La verità putativa è più forte della diffamazione a mezzo stampa, senza contare il ruolo non secondario della punteggiatura per quanto riguarda un qualsiasi scritto. Sono questi i principi che si desumono dalla sentenza n. 36/2019 del Tribunale di Trieste (sezione civile).

Il caso in esame è la richiesta di risarcimento danni presentata da R.P. nei confronti del Gruppo editoriale L., del direttore de «Il Piccolo» P.P. e del giornalista C.E. colpevoli di aver diffuso a mezzo stampa «alcuni articoli in cui veniva data notizia della vicenda di cronaca giudiziaria che vedeva coinvolto l’odierno attore [R.P.], indagato per il reato di favoreggiamento della prostituzione insieme al sig. A.T., dando conto della partecipazione del medesimo P. alla commissione del reato nella non veritiera veste di fotografo delle candidate oltre che gestore del sito internet in cui venivano pubblicati gli annunci relativi all’attività di meretricio da queste svolta».

Anzitutto, il Gruppo Editoriale L. risponde di essere stato erroneamente convocato come proprietario o editorie del quotidiano locale «Il Piccolo».

I convenuti P.P e C.E., per loro conto, affermano che la loro responsabilità sarebbe scriminata dal legittimo esercizio del diritto di cronaca. L’articolo contestato, infatti, riporta stralci di intercettazioni che sì provano la colpevolezza di R.P. e A.T., ma dalla quale punteggiatura, riportata fedelmente secondo fonte ufficiale, si può erroneamente desumere l’erronea attribuzione del ruolo di fotografo per R.P.

In questo caso, quindi, «la responsabilità del giornalista per lesione dell’altrui onore o reputazione è scriminata dal legittimo esercizio del diritto di cronaca, quale estrinsecazione della Libertà di manifestazione del pensiero ex artt. 51 c.p. e 21 Cost.», in quanto sussistono:

  • «la verità oggettiva (anche solo putativa, purché frutto di un serio e diligente lavoro di ricerca), la quale non sussiste quando, pur essendo veri i singoli fatti riferiti, siano dolosamente o colposamente taciuti altri fatti, tanto strettamente ricollegabili ai primi da mutarne completamente il significato, ovvero quando i fatti riferiti siano accompagnati da sollecitazioni emotive, sottintesi, accostamenti, insinuazioni, allusioni o sofismi obiettivamente idonei a creare nella mente del lettore false rappresentazioni della realtà;
  • l’interesse pubblico all’informazione, cioè la cosiddetta pertinenza;
  • la forma “civile” dell’esposizione e della valutazione dei fatti, cioè la cosiddetta continenza” (cfr.

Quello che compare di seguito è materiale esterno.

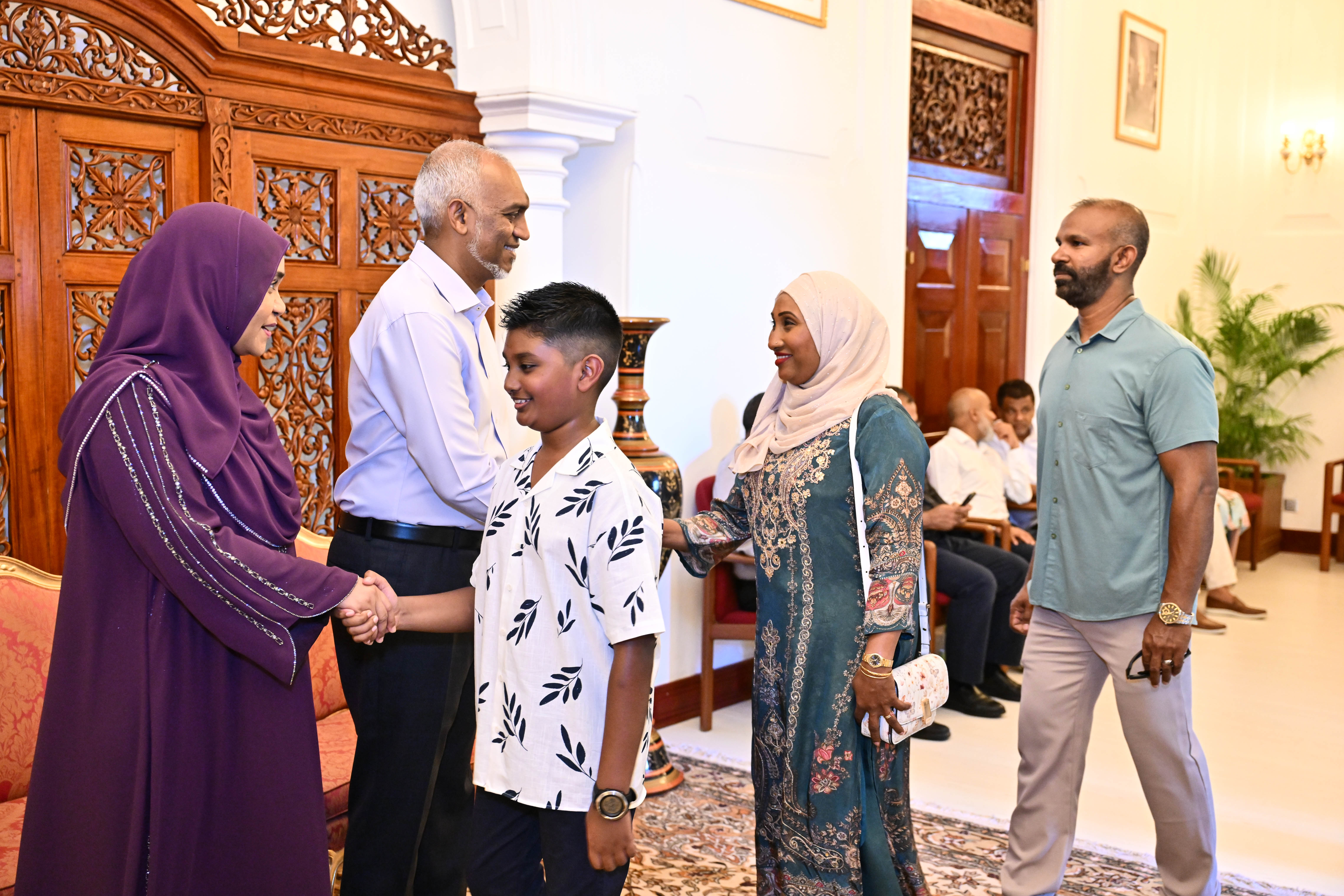 ރައީސުލްޖުމްހޫރިއްޔާގެ ދެކަނބަލުން ޢީދު ސަލާން ކުރެއްވުން. ފޮޓޯ: ރައީސް އޮފީސް

Cass. civ. Sez. 3, Sentenza n. 14822 del 04/09/2012).»

Il centro della questione, infatti, sta proprio nella fonte dalla quale il giornalista ha tratto il materiale utile per la scrittura dell’articolo sotto esame. Il testo è stato scritto a partire dall’ordinanza emessa il 16 gennaio 2009. La punteggiatura utilizzata è, in effetti, idonea a «indurre il lettore a ritenere ragionevolmente che l’autore degli scatti fosse proprio il P., e ciò contrariamente a quanto evincibile dal verbale di trascrizione delle intercettazioni, da cui emerge invece con chiarezza che le frasi suddette frasi suddette furono pronunciate dal T.».

L’aver attribuito all’attore R.P. responsabilità non sue, in questa misura, «non ha aggiunto invero alcun disvalore ulteriore alla condotta effettivamente tenuta dall’odierno attore, considerato che un lettore poco avvezzo alle sfumature tecnico-giuridiche riconosce ai due generi di condotta un medesimo disvalore sociale». Vuol dire che la struttura essenziale della notizia è conforme a «verità (quantomeno) putativa nel suo nucleo siccome ricavabile da documenti assistiti da particolare fede (cfr. Cass. civ. Sez. 5, Sentenza n. 28258 del 08/04/2009)». Si rammenta, infine, che quando la notizia riguarda la perpetrazione di reati, il particolare rilievo sociale del fatto basta ad assegnare preminenza su ogni altro (ivi compreso l’interesse del singolo alla tutela della sua reputazione prima che ne sia accertata in via definitiva la colpevolezza) all’interesse pubblico alla sua conoscenza immediata (cfr. Cass. civ. Sez. 1, Sentenza n. 841 del 07/03/1975), fermo l’onere – che invero nella fattispecie risulta essere stato osservato – di evidenziare la fase processuale in cui si trovi il procedimento penale, in modo da rendere il pubblico avvertito del fatto che la colpevolezza dell’accusato non può ancora ritenersi acquisita come fatto certo».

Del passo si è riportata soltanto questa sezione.